WHAT IS REQUIRED: In the entries below, spot each line with the word "that" and copy it.

MATERIALS PROVIDED:
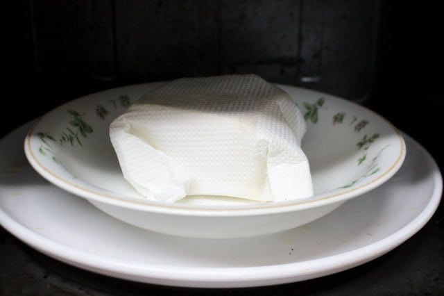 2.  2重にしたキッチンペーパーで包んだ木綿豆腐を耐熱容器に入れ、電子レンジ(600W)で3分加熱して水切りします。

---

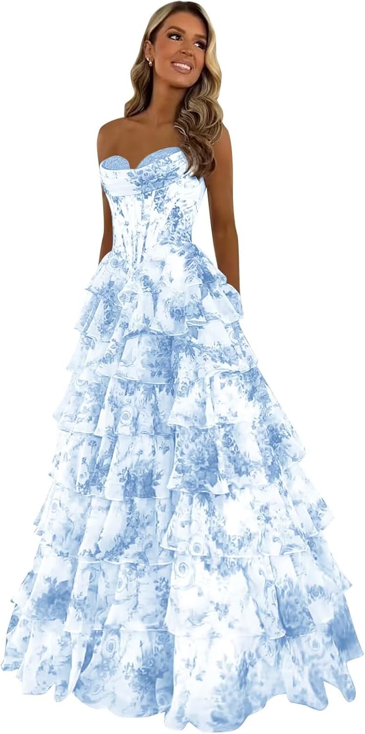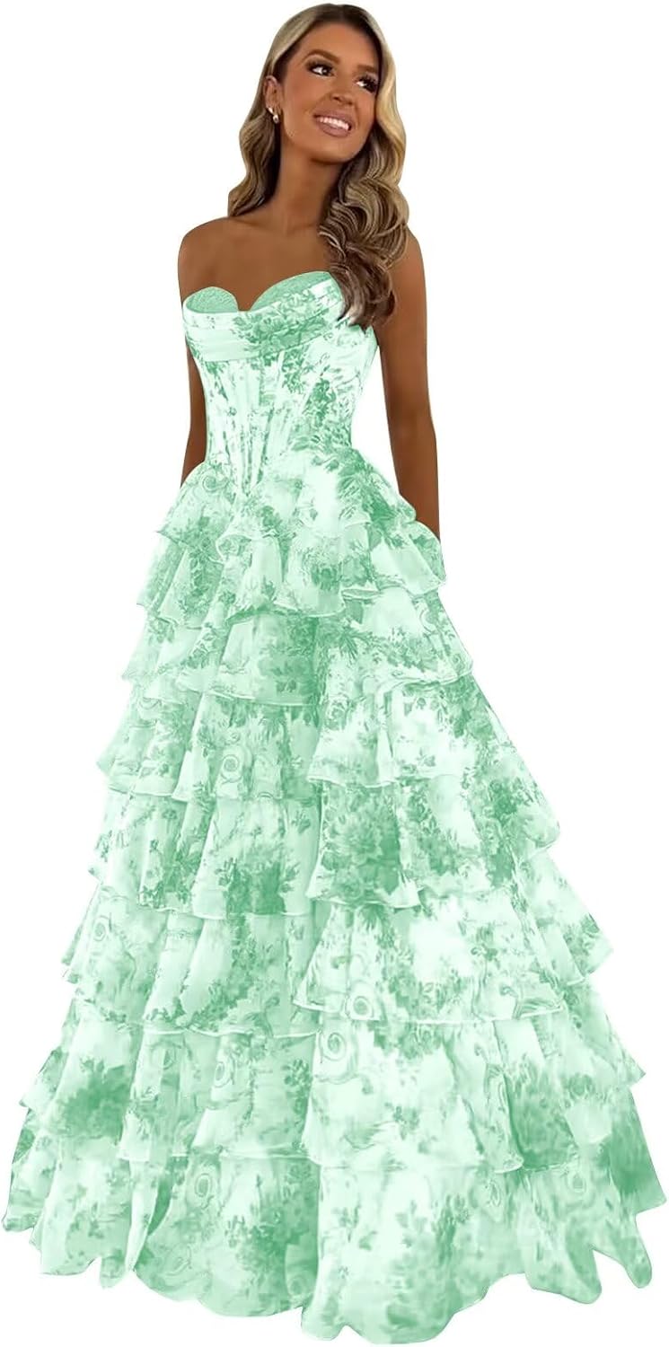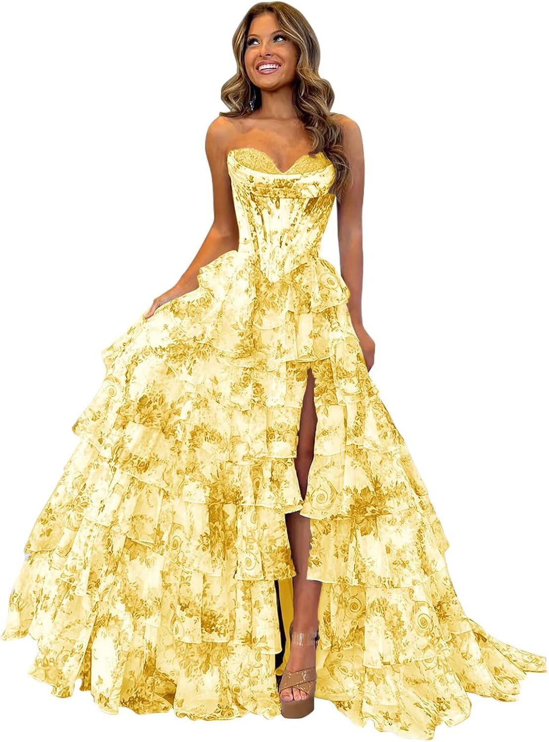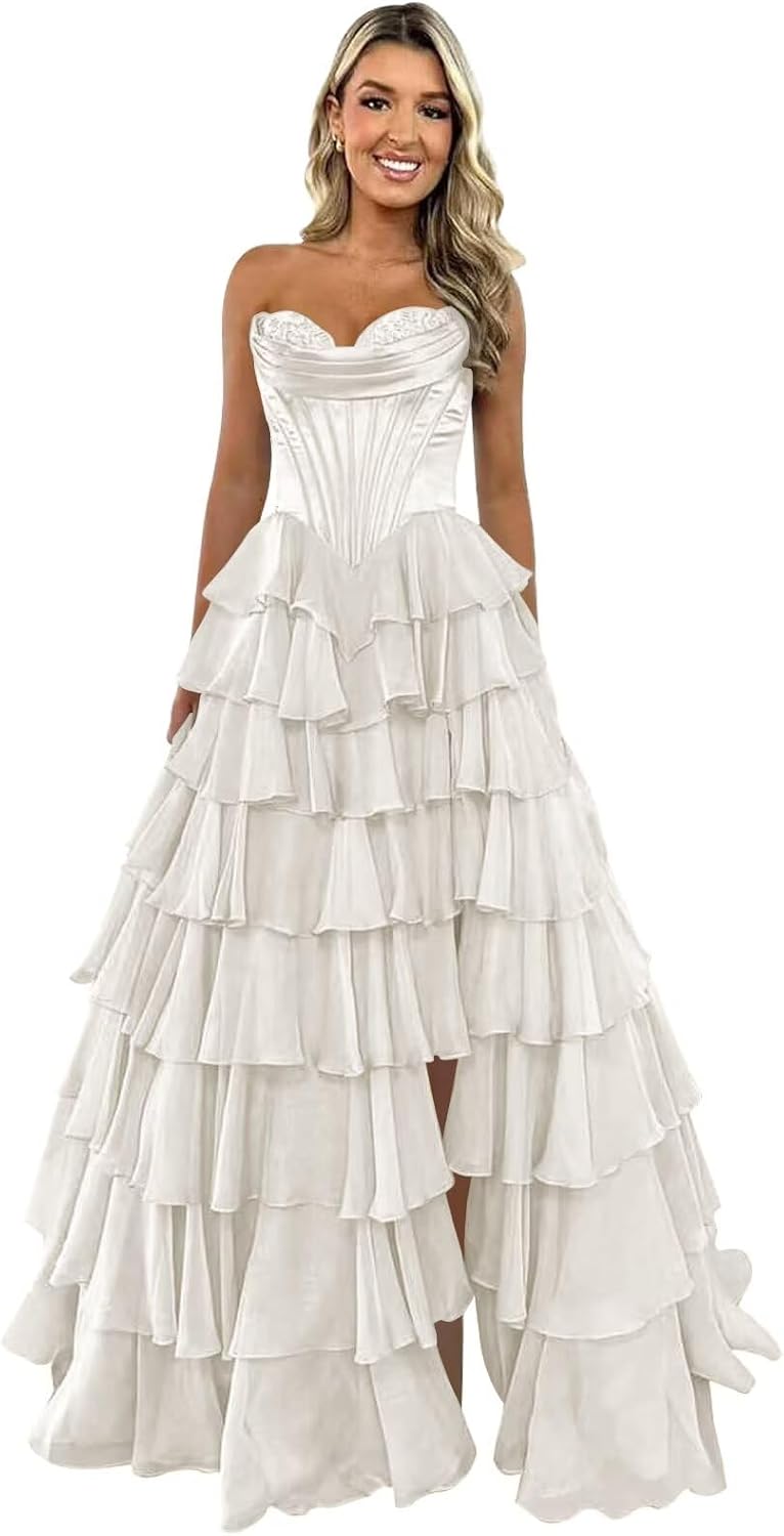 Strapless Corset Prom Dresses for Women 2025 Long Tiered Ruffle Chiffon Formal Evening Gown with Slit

---

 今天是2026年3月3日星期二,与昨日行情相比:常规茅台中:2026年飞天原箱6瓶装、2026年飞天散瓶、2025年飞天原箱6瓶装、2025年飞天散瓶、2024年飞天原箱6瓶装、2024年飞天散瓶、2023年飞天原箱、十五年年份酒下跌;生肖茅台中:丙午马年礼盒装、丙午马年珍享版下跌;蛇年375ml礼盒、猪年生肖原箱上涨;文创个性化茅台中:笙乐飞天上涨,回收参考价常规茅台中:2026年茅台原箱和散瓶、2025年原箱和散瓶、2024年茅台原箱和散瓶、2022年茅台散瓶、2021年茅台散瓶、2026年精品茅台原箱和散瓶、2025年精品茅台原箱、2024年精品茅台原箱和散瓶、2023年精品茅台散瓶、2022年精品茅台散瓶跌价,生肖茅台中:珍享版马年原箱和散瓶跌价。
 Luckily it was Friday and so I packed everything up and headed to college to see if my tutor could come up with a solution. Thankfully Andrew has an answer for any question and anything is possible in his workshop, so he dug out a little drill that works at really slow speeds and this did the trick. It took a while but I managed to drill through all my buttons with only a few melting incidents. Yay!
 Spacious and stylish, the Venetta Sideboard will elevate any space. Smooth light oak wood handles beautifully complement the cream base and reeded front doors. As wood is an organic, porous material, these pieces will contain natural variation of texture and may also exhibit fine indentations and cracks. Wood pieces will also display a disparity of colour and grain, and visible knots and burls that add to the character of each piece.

YOUR SOLUTION:
 Luckily it was Friday and so I packed everything up and headed to college to see if my tutor could come up with a solution. Thankfully Andrew has an answer for any question and anything is possible in his workshop, so he dug out a little drill that works at really slow speeds and this did the trick. It took a while but I managed to drill through all my buttons with only a few melting incidents. Yay!
 Spacious and stylish, the Venetta Sideboard will elevate any space. Smooth light oak wood handles beautifully complement the cream base and reeded front doors. As wood is an organic, porous material, these pieces will contain natural variation of texture and may also exhibit fine indentations and cracks. Wood pieces will also display a disparity of colour and grain, and visible knots and burls that add to the character of each piece.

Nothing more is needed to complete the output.